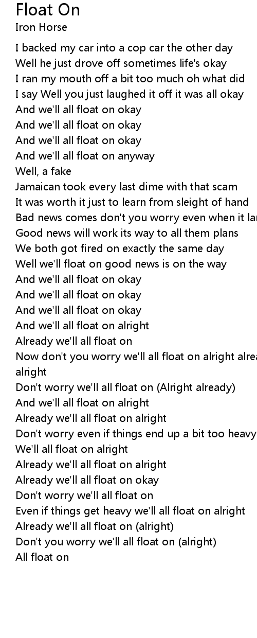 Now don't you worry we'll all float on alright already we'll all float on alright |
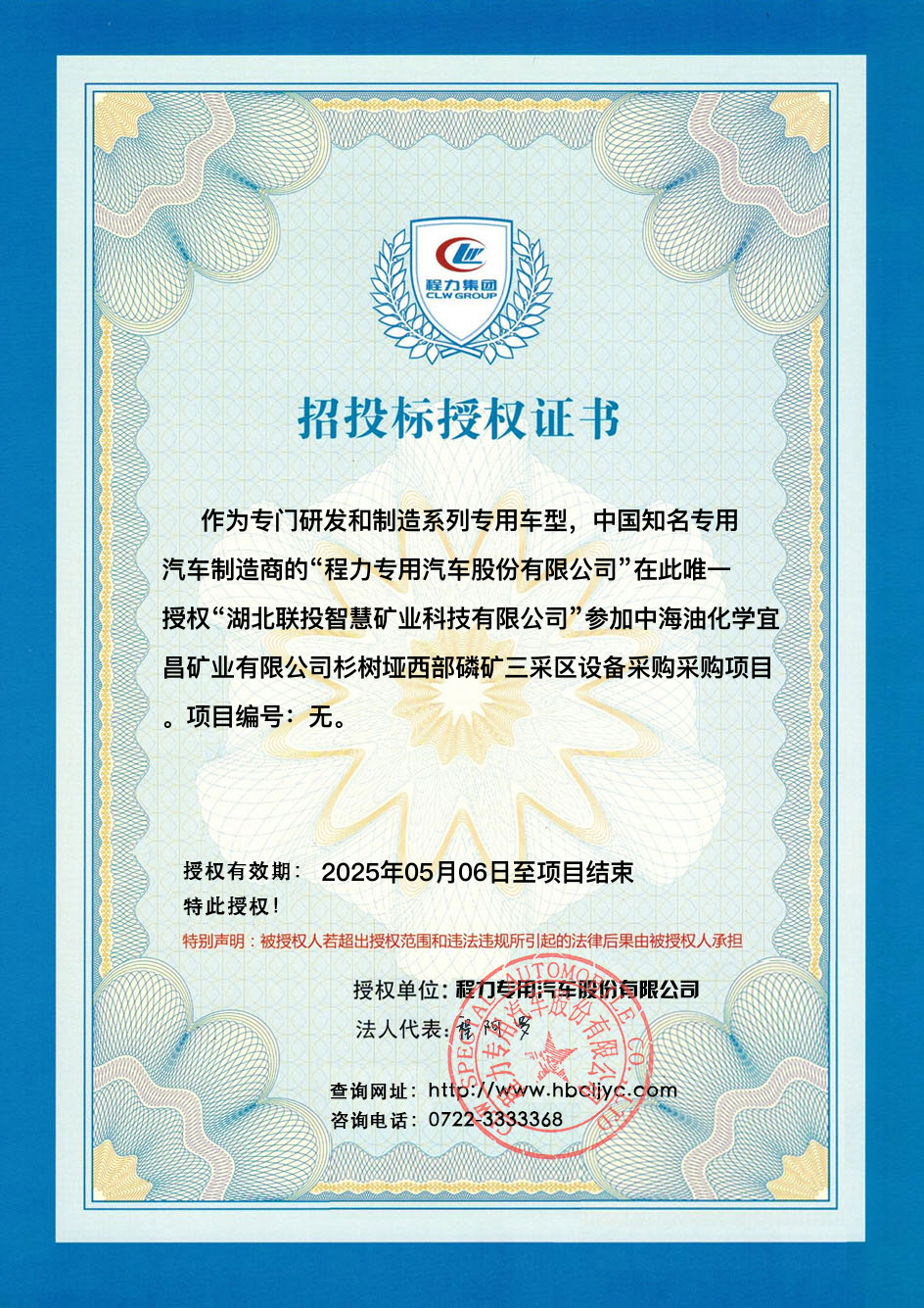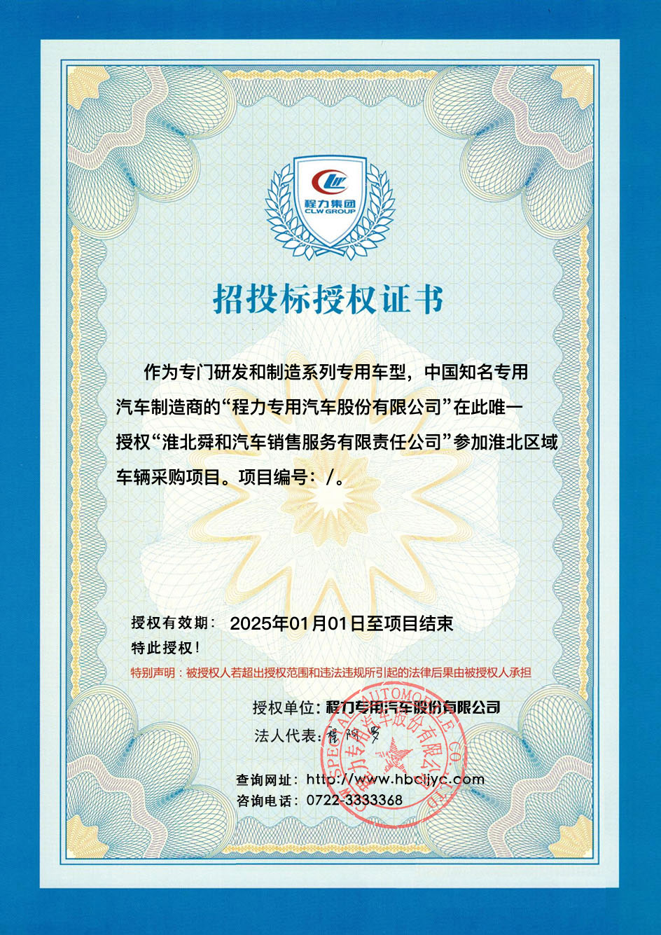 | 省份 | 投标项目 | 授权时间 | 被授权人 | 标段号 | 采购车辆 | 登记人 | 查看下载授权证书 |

##########

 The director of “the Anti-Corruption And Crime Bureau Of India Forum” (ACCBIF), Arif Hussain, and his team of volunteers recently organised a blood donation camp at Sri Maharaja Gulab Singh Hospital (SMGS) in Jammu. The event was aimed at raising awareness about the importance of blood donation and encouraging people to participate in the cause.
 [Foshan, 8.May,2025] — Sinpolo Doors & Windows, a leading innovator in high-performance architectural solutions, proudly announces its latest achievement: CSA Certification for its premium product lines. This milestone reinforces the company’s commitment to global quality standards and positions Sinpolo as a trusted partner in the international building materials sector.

##########

Your output should be the lines above from the one that contains "Now don't you" through the one that contains "登记人 | 查看下载授权证书 |", word for word, with pictures left out.

### Task solution
 Now don't you worry we'll all float on alright already we'll all float on alright |
 | 省份 | 投标项目 | 授权时间 | 被授权人 | 标段号 | 采购车辆 | 登记人 | 查看下载授权证书 |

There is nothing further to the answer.